Electricity from biomass
Renewable feedstocks, like forest and agriculture residues, landfill gases, and municipal wastes, can generate electricity. Four primary methods are now being employed:
• Direct firing, where biomass is burned instantly;
• Co-firing, where biomass is blended with fossil fuels;
• Biomass gasification converts biomass into synthetic gas; and
• Anaerobic digestion enables biomass decay to yield methane, the main component of the natural gas we burn today.
Electricity from coal
Coal fueled the Industrial Revolution and, for years, was the main power-plant fuel. Chemical engineers have been working to present greener choices for generating electricity from coal.
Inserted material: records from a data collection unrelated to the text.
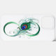 O símbolo do infinito com uma pena brilhante, verde, de pavão artístico sobre um fundo branco. Tatuagem.
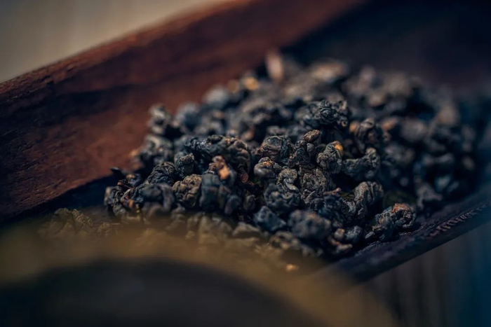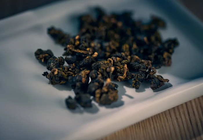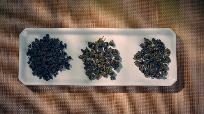 茶叶颜色要比普通的冻顶乌龙更乌亮一点,这是因为比赛级的茶经过中度的人工炭焙,烘焙程度更深。
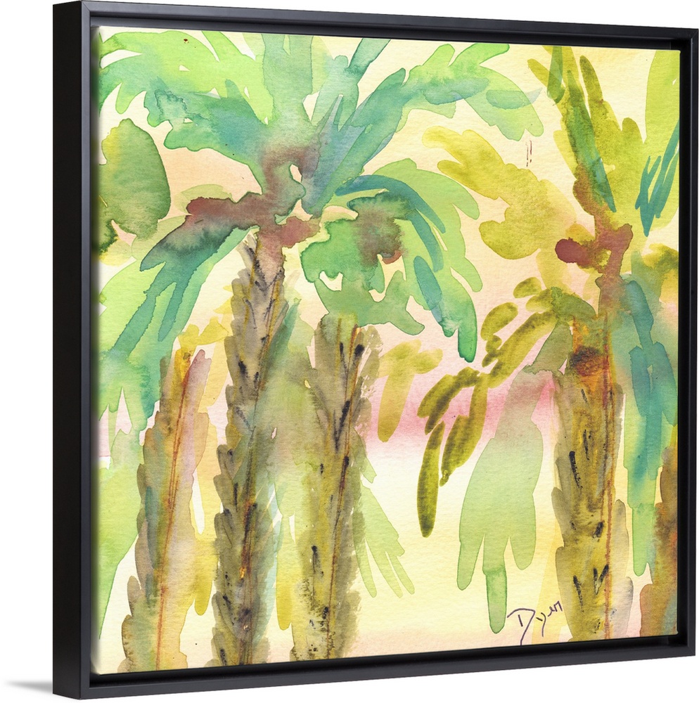 <p>Watercolor artwork of a grove of palm trees in pastel tropical shades.</p>

With significant environmental benefits, some power plants now induce power by employing coal gasification as an intermediate step rather than coal combustion.
Making coal greener
To present greener options for yielding electricity from coal, chemical engineers have made great strides. They have achieved significant environmental improvements by developing integrated combined-cycle gasification (IGCC) power plants. These plants generate power first by coal gasification and then by restoring the gas to power rather than using traditional coal combustion. Pollutants are lowered, as is water consumption.
Two-cycle generation
In IGCC power plants, coal first became synthetic gas. The syngas is cleaned to eliminate unwanted pollutants and then burned in a gas turbine. The depletion from the main turbine is employed to make steam for a secondary turbine that produces extra electricity.